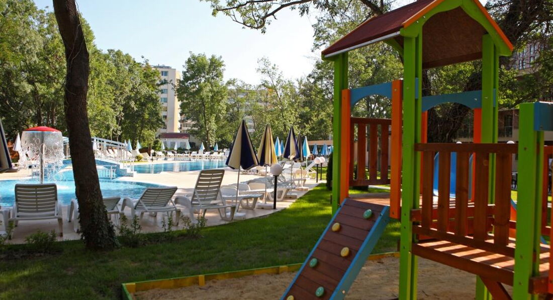 Бассейн большой и чистый, есть детский с грибком, с которого течет водичка, горок нет, анимации тоже. Но в Болгарии и так полно развлечений вне отеля, так что это не проблема. Шезлонгов и зонтиков всем хватало. Есть детский клуб от СОЛВЕКС. Состоит он из 2-х комнатушек, не очень хорошего состояния, запах там какой-то неприятный. Есть 2 русскоязычных аниматора но вялые они какие-то. Парень аниматор еще как-то старается а вот девушка вообще никакая. И близко не сравнить с детс. анимацией Турции или Египта, наши дети не хотели там оставаться.
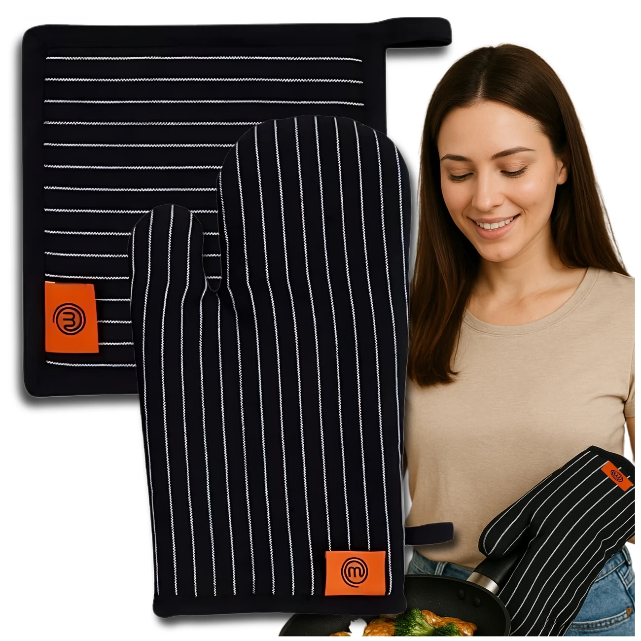 Setul de mănuși și mănuși de bucătărie MasterChef este, de asemenea, o idee grozavă de cadou. Datorită aspectului său elegant și manoperei de înaltă calitate, este un cadou practic perfect pentru familia, prietenii sau cunoștințele cărora le place să gătească.
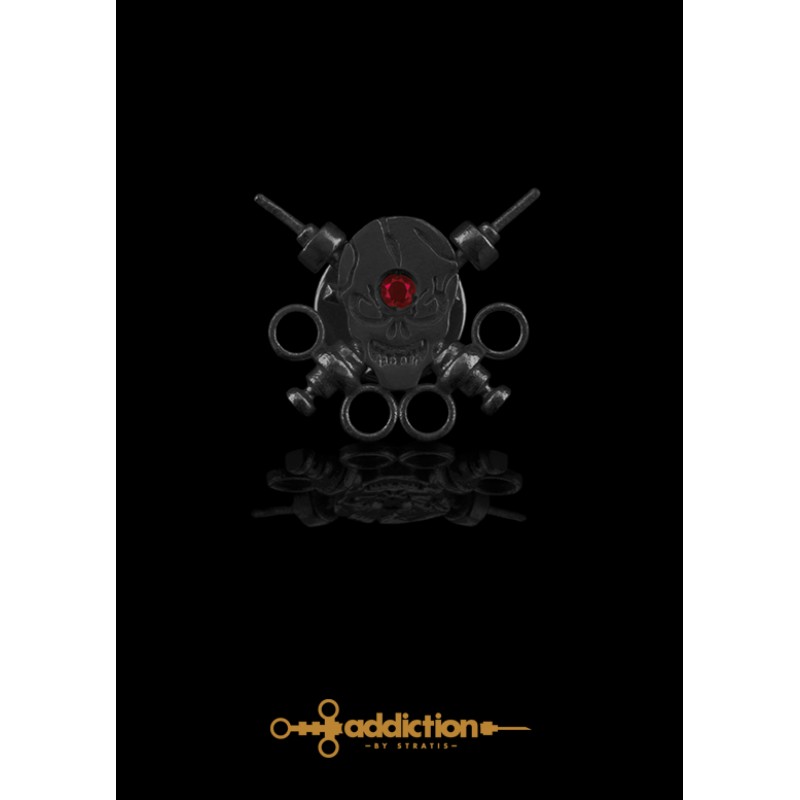 Καρφίτσα Skull, με καρφωμένες σύριγγες που απεικονίζουν το αποτέλεσμα της χρήσης ναρκωτικών
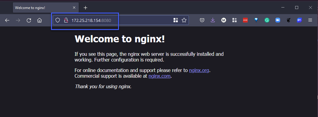 Sau đó, chúng tôi có thể lấy IP này, mở trình duyệt và truy cập http://172.25.218.154:8080/ IP của bạn có thể khác. Điều này xác nhận rằng có thể truy cập được NGINX.
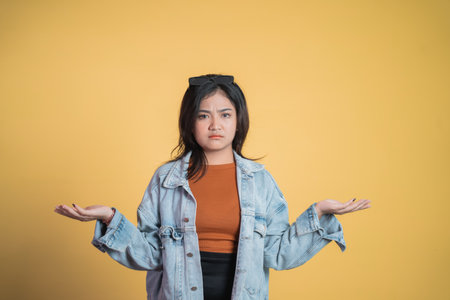 Disgruntled confused annoyed young millennial woman raising hands, indignantly asking reason of failure, wears denim jacket, isolated on blue studio background. Emotion and misunderstanding concept.
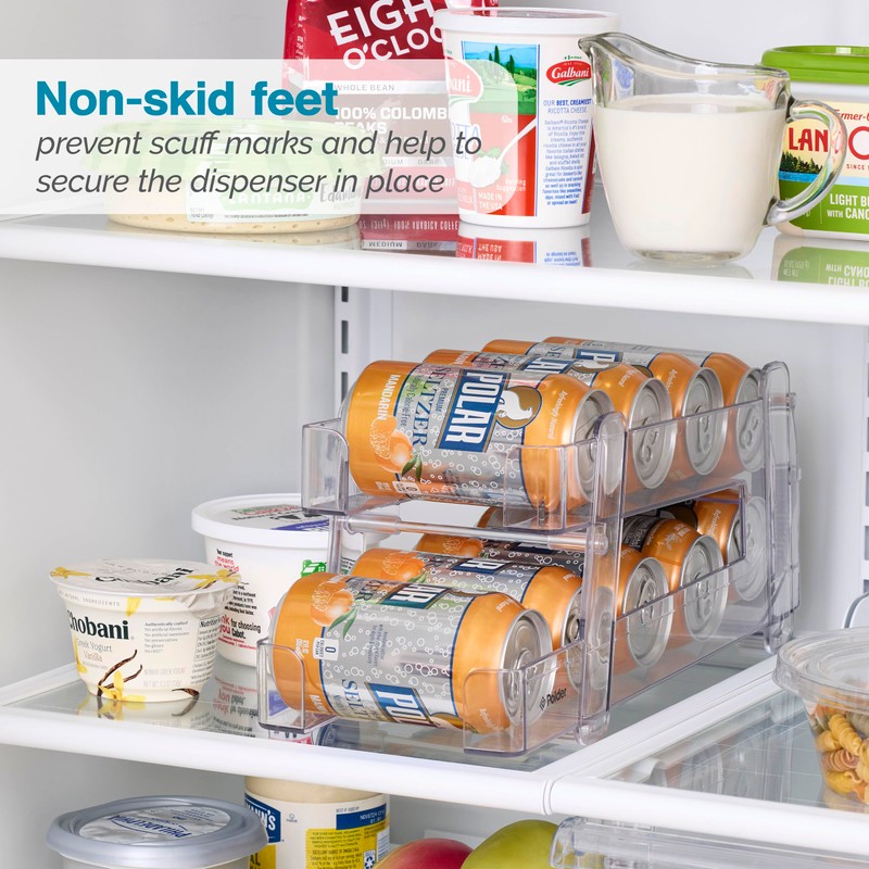- FRIDGE ORGANIZER: Keep your fridge neat and your favorite beverages easily accessible with our can dispenser. The gravity-fed system, supported by silicone guides, ensures seamless replenishment as the cans roll forward smoothly as they move downward
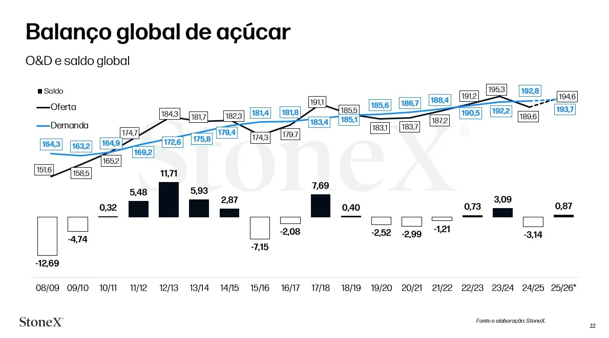 Segundo os cálculos da StoneX, há um excedente de 870 mil toneladas de açúcar na safra 2025/2026. “Caso se confirme esse cenário de troca de mix do açúcar para o etanol, esse superávit global, que é bem pequeno, volta pra déficit novamente. Aí podemos ver os preços voltarem a subir”, analisa Nogueira ao apresentar os dados durante o 19º Congresso Internacional de Indústrias Abimapi. O movimento de plantas brasileiras rumo ao mix mais alcooleiro possível poderia tirar 2 milhões de toneladas do mercado.
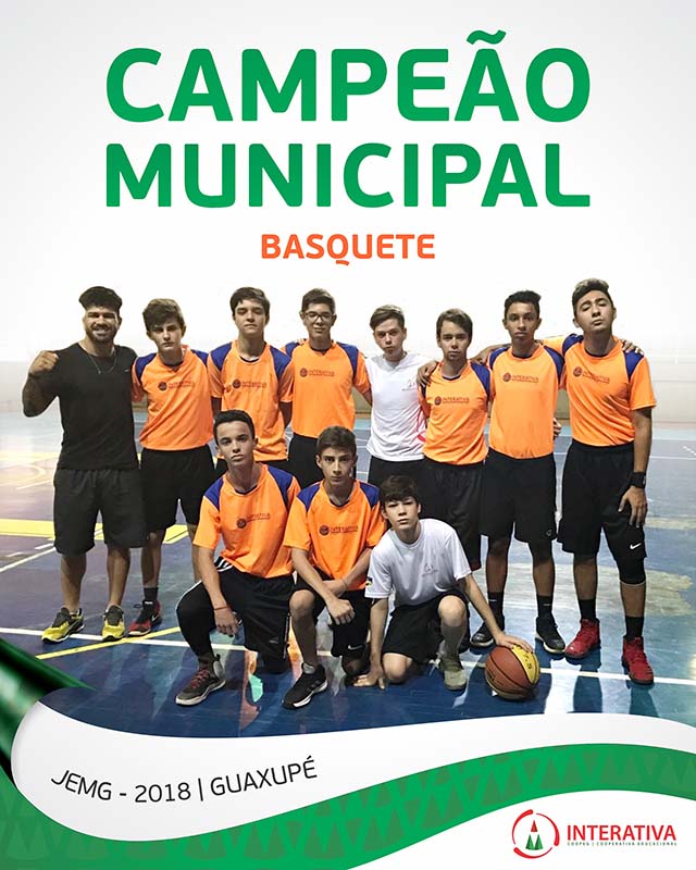 O time de basquete da Escola Interativa se consagra campeão na etapa municipal do JEMG – 2018 (Jogos Escolares de Minas Gerais) Basquete masculino módulo 2 A Coopeg / Escola Interativa parabeniza os estudantes por essa conquista!
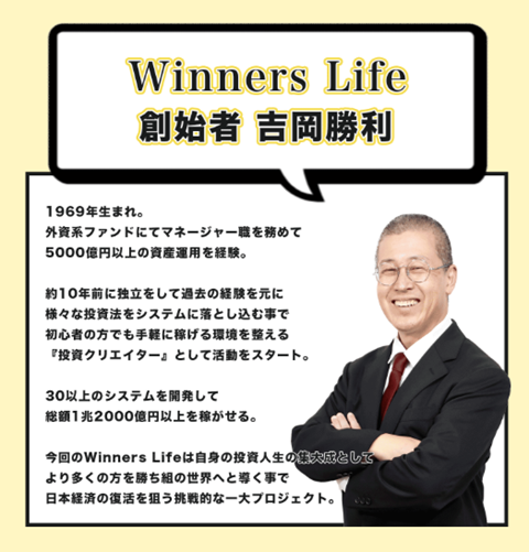 公式サイトでは、吉岡勝利氏について「外資系ファンドのマネージャー」「5,000億円の資産運用経験」「総額1兆2,000億円を稼がせた」といった輝かしい経歴が記載されています。
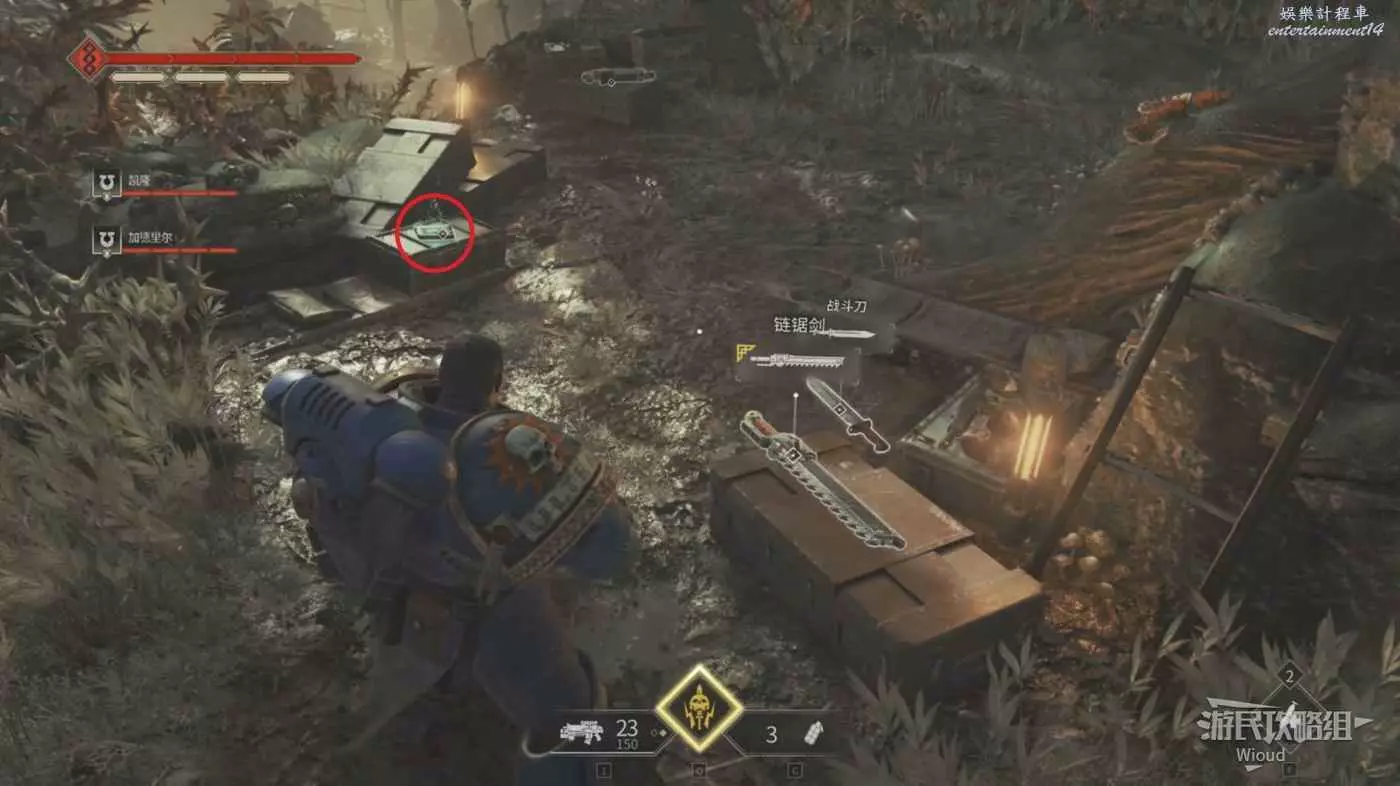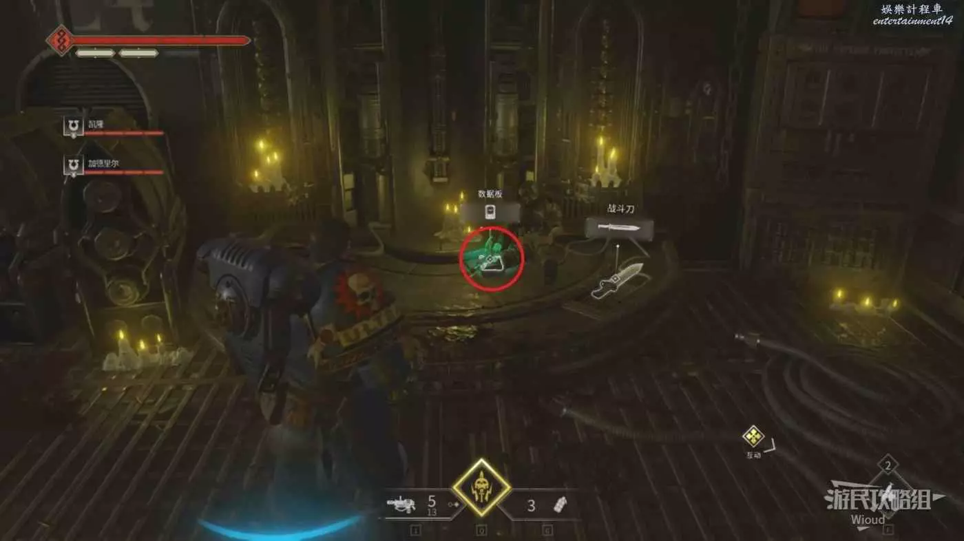 先拾取下方第二個資料版,然後繞一圈回到剛才上來的位置,這回往左邊的路走,看到一堆士兵,觸發防守戰鬥。

== == ==

- _Exercise directions_
Reproduce the data above line for line, from its first line through the line containing "Καρφίτσα Skull, με", both ends included, with the pictures omitted and nothing more.

- _Response_
 Бассейн большой и чистый, есть детский с грибком, с которого течет водичка, горок нет, анимации тоже. Но в Болгарии и так полно развлечений вне отеля, так что это не проблема. Шезлонгов и зонтиков всем хватало. Есть детский клуб от СОЛВЕКС. Состоит он из 2-х комнатушек, не очень хорошего состояния, запах там какой-то неприятный. Есть 2 русскоязычных аниматора но вялые они какие-то. Парень аниматор еще как-то старается а вот девушка вообще никакая. И близко не сравнить с детс. анимацией Турции или Египта, наши дети не хотели там оставаться.
 Setul de mănuși și mănuși de bucătărie MasterChef este, de asemenea, o idee grozavă de cadou. Datorită aspectului său elegant și manoperei de înaltă calitate, este un cadou practic perfect pentru familia, prietenii sau cunoștințele cărora le place să gătească.
 Καρφίτσα Skull, με καρφωμένες σύριγγες που απεικονίζουν το αποτέλεσμα της χρήσης ναρκωτικών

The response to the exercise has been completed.